– Tu allais dire le caprice, et je crois que c’est le mot juste. Qui était la maîtresse de Lorenzo quand je suis revenue ? Car je suis certaine qu’il en avait une ?

– Oui. Bartolommea dei Nasi. Une belle fille, pas très maligne, mais les siens le sont pour elle. Ils pourraient trouver désagréable que ta présence ait tari leur corne d’abondance. Tu risques même d’être en danger.

– Ils auraient tort de charger leur âme d’un crime. Je m’éloignerai de Lorenzo un jour ou l’autre. Seulement, je ne veux pas le blesser.

– Sois franche ! Ni renoncer déjà à ce que tu trouves auprès de lui ?

– C’est vrai. Je voudrais que cette situation se prolonge encore un peu. A l’entendre, d’ailleurs, il souhaite que cela dure longtemps et m’a proposé d’envoyer au Plessis chercher mon fils et Léonarde, mais je n’ai pas encore pu me résoudre à accepter. Je ne sais pas pourquoi, car ce serait dans l’intérêt de l’enfant. Élevé ici, il recevrait tout naturellement l’éducation nécessaire pour reprendre en totalité les affaires de mon père.

– Tu ne parles pas sérieusement ?

– Mais si. Dès sa naissance, j’ai souhaité faire de lui un homme tel que l’était mon père : courageux, lettré, humain, généreux et ouvert à la beauté. Est-ce que cela te paraît si invraisemblable ?

– A mon tour d’être franche : oui.

– Mais pourquoi ?

– Ce n’est pourtant pas moi qui ai épousé messire de Selongey ! Tu oublies que ton fils est aussi le sien, qu’il porte un grand nom dans son pays, même si c’est celui d’un homme qui a payé sur l’échafaud sa fidélité à une cause perdue. Tu ne peux pas en faire un bourgeois florentin...

– Je ne vois pas en quoi ce serait déchoir ?

– Il est possible que tu ne le voies pas, mais lui le verra un jour. Quand il sera grand, il posera des questions auxquelles il te faudra répondre. Et alors, qui te dit qu’il ne préférera pas une vie misérable, une vie de proscrit en accord avec ce qu’avait choisi son père, à la vie fastueuse dont tu rêves pour lui, mais où il ne se reconnaîtra pas ? Tu as été déracinée, toi, et tu sais ce que cela t’a coûté. Ne fais donc pas subir la même épreuve à ton enfant ! Elève-le dans l’amour et le souvenir de ton époux...

– Est-ce vraiment incompatible avec la vie d’un des hauts personnages de notre cité ?
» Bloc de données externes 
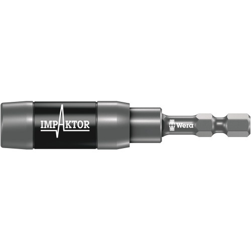 Wera Impaktor-houder voor het afleiden van extreme belastingspieken. Bijzonder torsie-effect dankzij dubbele torsieveer. De Impaktor-houder houdt met zijn ringmagneten bovendien lange en zware schroeven stevig vast. Zo wordt ook razendsnel en veilig plaatsen van schroeven mogelijk. Ook ideaal voor werkzaamheden boven het hoofd. Mocht de magneet niet gewenst zijn, bijvoorbeeld bij werkzaamheden aan metalen delen, kan deze uit de schroefsectie worden verwijderd en zo worden uitgeschakeld. Toepassing voornamelijk bij handmatig machinaal schroeven. Aandrijving: Geschikt voor plaatsing van bits met 1/4" buitenzeskant-aandrijving conform DIN ISO 1173-C 6,3. Aandrijving: 1/4" zeskant, passend in schroefmachines met opname conform DIN ISO 1173-F 6,3.

– Peut-être pas, mais à la condition que tu ne sois plus, et depuis longtemps, la maîtresse de Lorenzo. Je sais, ajouta Chiara en souriant, j’ai l’air de te vouer à une austérité pour laquelle tu n’es pas faite, mais je crois que si j’avais un enfant, je m’y résoudrais avec joie...

Sans répondre, Fiora passa un bras autour du cou de son amie, l’embrassa, puis laissa son visage contre le sien sans se rendre compte que des larmes coulaient sur ses joues.

– Ne pleure pas, fit Chiara. Je suis sûre qu’il y a encore de beaux jours à venir pour toi... A présent, si nous dormions ? L’aube va bientôt venir.

Ce ne fut pas le jour qui les éveilla, mais un véritable hurlement poussé par Colomba. En un clin d’œil, elles se retrouvèrent pieds nus et en chemise sur les marches de marbre de l’escalier, courant vers la porte grande ouverte du palais en travers de laquelle la grosse Colomba était évanouie. Une servante lui tapotait les joues sans conviction tandis qu’au-dehors un valet levait le poing en glapissant des injures. Un jeune homme très élégant joignait sa voix à celles du serviteur et de Lodovico Albizzi qui, en robe de chambre et son chat sous le bras, trépignait et poussait des cris inarticulés.

En les rejoignant, les deux jeunes femmes virent une troupe d’enfants qui s’éloignaient en dansant, traînant quelque chose au bout d’une corde.

– Qu’est-ce que c’est, mon oncle ? demanda Chiara inquiète de voir le vieil homme rouge de fureur.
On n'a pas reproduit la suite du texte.